* [MATERIAL PROVIDED]
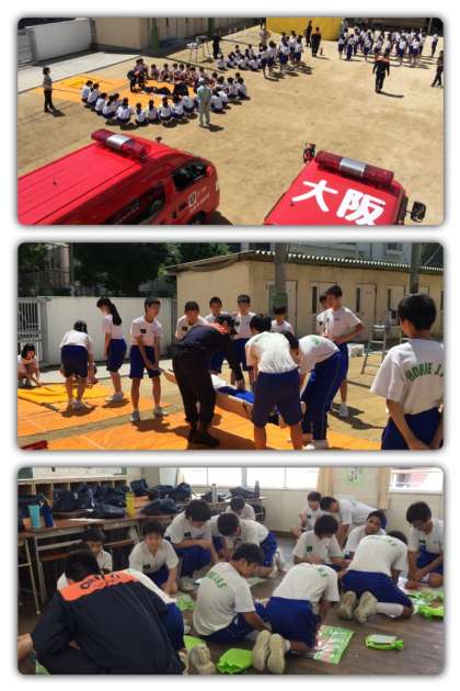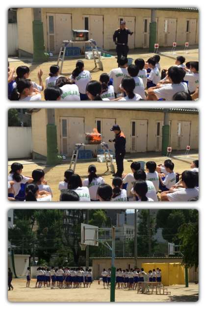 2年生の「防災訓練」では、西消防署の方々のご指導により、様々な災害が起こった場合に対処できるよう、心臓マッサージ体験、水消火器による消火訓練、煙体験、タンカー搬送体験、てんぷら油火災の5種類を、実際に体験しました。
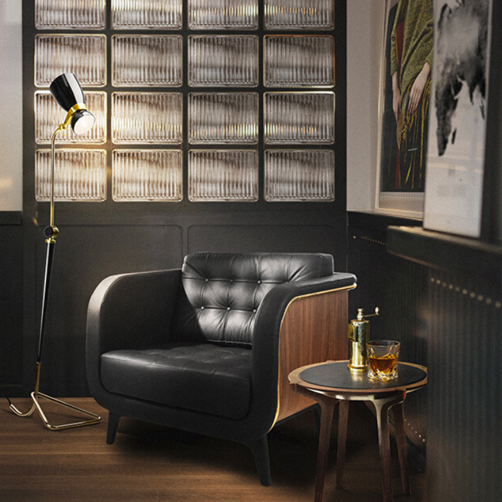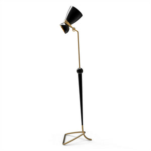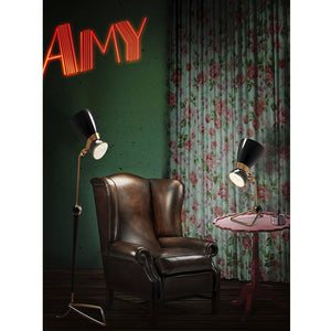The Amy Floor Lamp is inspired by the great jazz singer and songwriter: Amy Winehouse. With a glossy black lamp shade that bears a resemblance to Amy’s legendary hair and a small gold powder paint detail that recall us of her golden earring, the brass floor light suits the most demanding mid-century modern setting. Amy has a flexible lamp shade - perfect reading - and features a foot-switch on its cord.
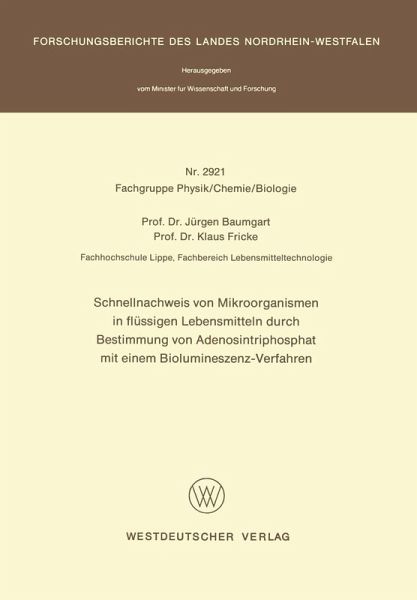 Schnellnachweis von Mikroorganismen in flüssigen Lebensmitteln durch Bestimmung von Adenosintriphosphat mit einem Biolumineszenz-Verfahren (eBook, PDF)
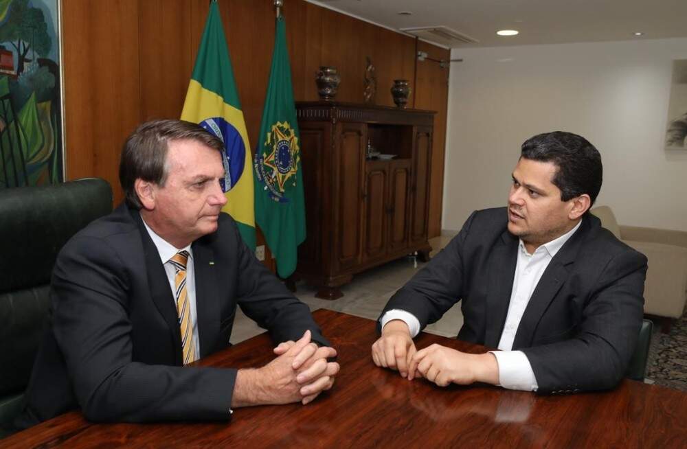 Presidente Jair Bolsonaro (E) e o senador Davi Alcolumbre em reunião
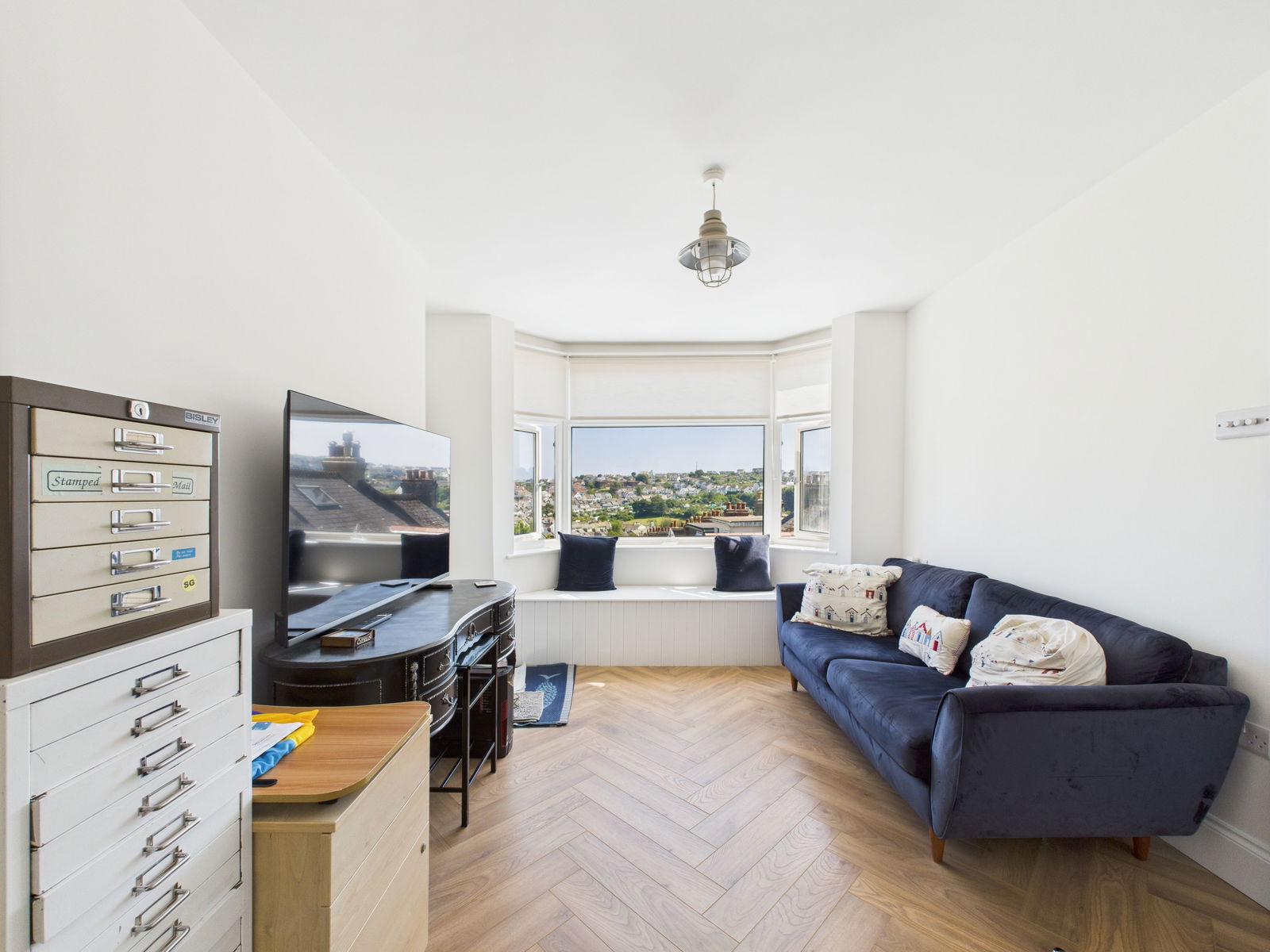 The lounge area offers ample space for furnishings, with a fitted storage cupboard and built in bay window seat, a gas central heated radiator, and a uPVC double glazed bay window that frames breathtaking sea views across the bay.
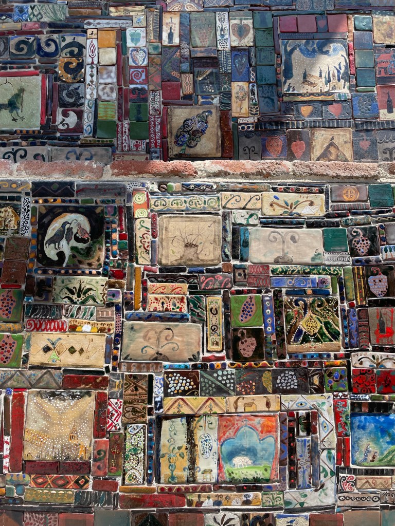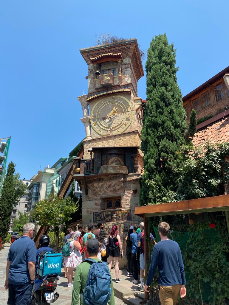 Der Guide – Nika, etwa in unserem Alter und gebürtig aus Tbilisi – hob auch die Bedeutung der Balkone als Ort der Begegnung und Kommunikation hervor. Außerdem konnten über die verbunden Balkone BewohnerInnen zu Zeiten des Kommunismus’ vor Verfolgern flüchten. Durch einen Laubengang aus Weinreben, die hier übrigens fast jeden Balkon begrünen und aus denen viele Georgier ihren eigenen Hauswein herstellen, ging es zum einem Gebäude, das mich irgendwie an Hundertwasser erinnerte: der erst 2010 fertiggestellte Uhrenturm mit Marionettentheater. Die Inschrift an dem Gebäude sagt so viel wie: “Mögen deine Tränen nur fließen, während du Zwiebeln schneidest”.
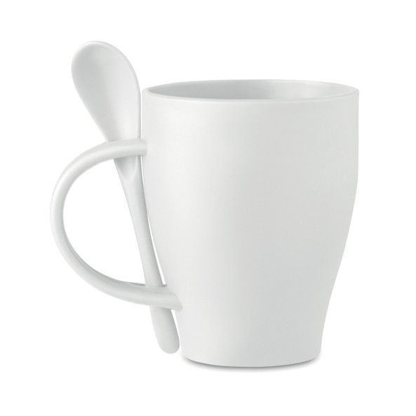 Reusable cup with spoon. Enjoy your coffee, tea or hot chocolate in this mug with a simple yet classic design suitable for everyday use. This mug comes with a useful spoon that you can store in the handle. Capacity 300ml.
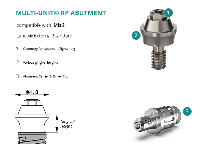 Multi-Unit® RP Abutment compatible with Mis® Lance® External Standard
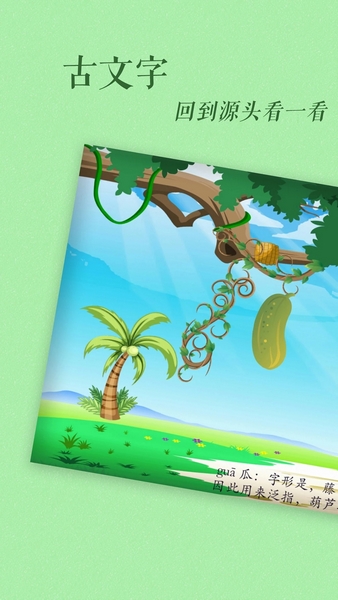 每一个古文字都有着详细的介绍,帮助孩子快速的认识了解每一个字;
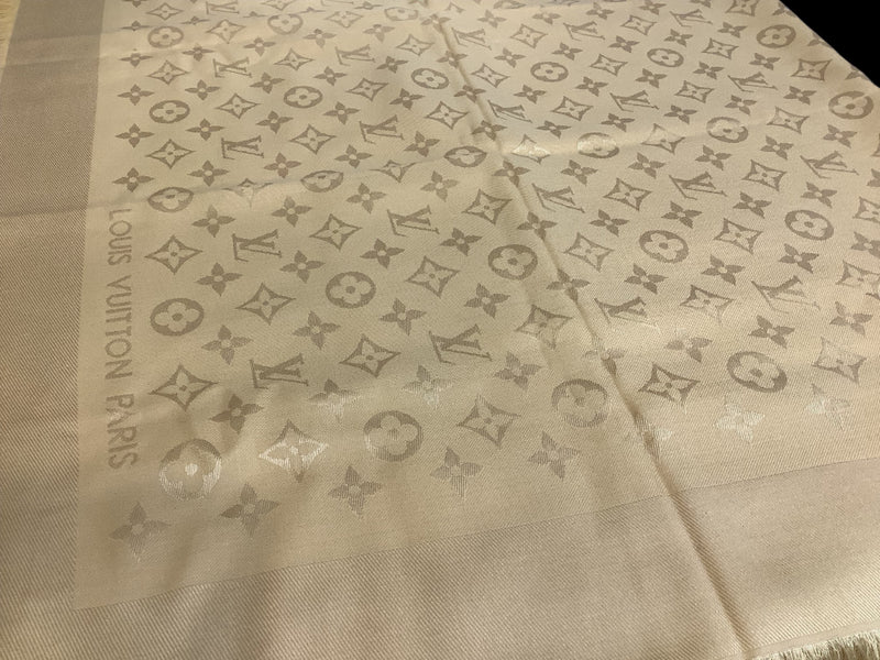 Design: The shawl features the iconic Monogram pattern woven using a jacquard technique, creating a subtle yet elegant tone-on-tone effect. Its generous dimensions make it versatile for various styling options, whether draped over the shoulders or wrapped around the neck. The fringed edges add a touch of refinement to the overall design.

* [WHAT IS EXPECTED]
Repeat the records above exactly, leaving out the pictures.

* [EXPECTED ANSWER]
 2年生の「防災訓練」では、西消防署の方々のご指導により、様々な災害が起こった場合に対処できるよう、心臓マッサージ体験、水消火器による消火訓練、煙体験、タンカー搬送体験、てんぷら油火災の5種類を、実際に体験しました。
The Amy Floor Lamp is inspired by the great jazz singer and songwriter: Amy Winehouse. With a glossy black lamp shade that bears a resemblance to Amy’s legendary hair and a small gold powder paint detail that recall us of her golden earring, the brass floor light suits the most demanding mid-century modern setting. Amy has a flexible lamp shade - perfect reading - and features a foot-switch on its cord.
 Schnellnachweis von Mikroorganismen in flüssigen Lebensmitteln durch Bestimmung von Adenosintriphosphat mit einem Biolumineszenz-Verfahren (eBook, PDF)
 Presidente Jair Bolsonaro (E) e o senador Davi Alcolumbre em reunião
 The lounge area offers ample space for furnishings, with a fitted storage cupboard and built in bay window seat, a gas central heated radiator, and a uPVC double glazed bay window that frames breathtaking sea views across the bay.
 Der Guide – Nika, etwa in unserem Alter und gebürtig aus Tbilisi – hob auch die Bedeutung der Balkone als Ort der Begegnung und Kommunikation hervor. Außerdem konnten über die verbunden Balkone BewohnerInnen zu Zeiten des Kommunismus’ vor Verfolgern flüchten. Durch einen Laubengang aus Weinreben, die hier übrigens fast jeden Balkon begrünen und aus denen viele Georgier ihren eigenen Hauswein herstellen, ging es zum einem Gebäude, das mich irgendwie an Hundertwasser erinnerte: der erst 2010 fertiggestellte Uhrenturm mit Marionettentheater. Die Inschrift an dem Gebäude sagt so viel wie: “Mögen deine Tränen nur fließen, während du Zwiebeln schneidest”.
 Reusable cup with spoon. Enjoy your coffee, tea or hot chocolate in this mug with a simple yet classic design suitable for everyday use. This mug comes with a useful spoon that you can store in the handle. Capacity 300ml.
 Multi-Unit® RP Abutment compatible with Mis® Lance® External Standard
 每一个古文字都有着详细的介绍,帮助孩子快速的认识了解每一个字;
 Design: The shawl features the iconic Monogram pattern woven using a jacquard technique, creating a subtle yet elegant tone-on-tone effect. Its generous dimensions make it versatile for various styling options, whether draped over the shoulders or wrapped around the neck. The fringed edges add a touch of refinement to the overall design.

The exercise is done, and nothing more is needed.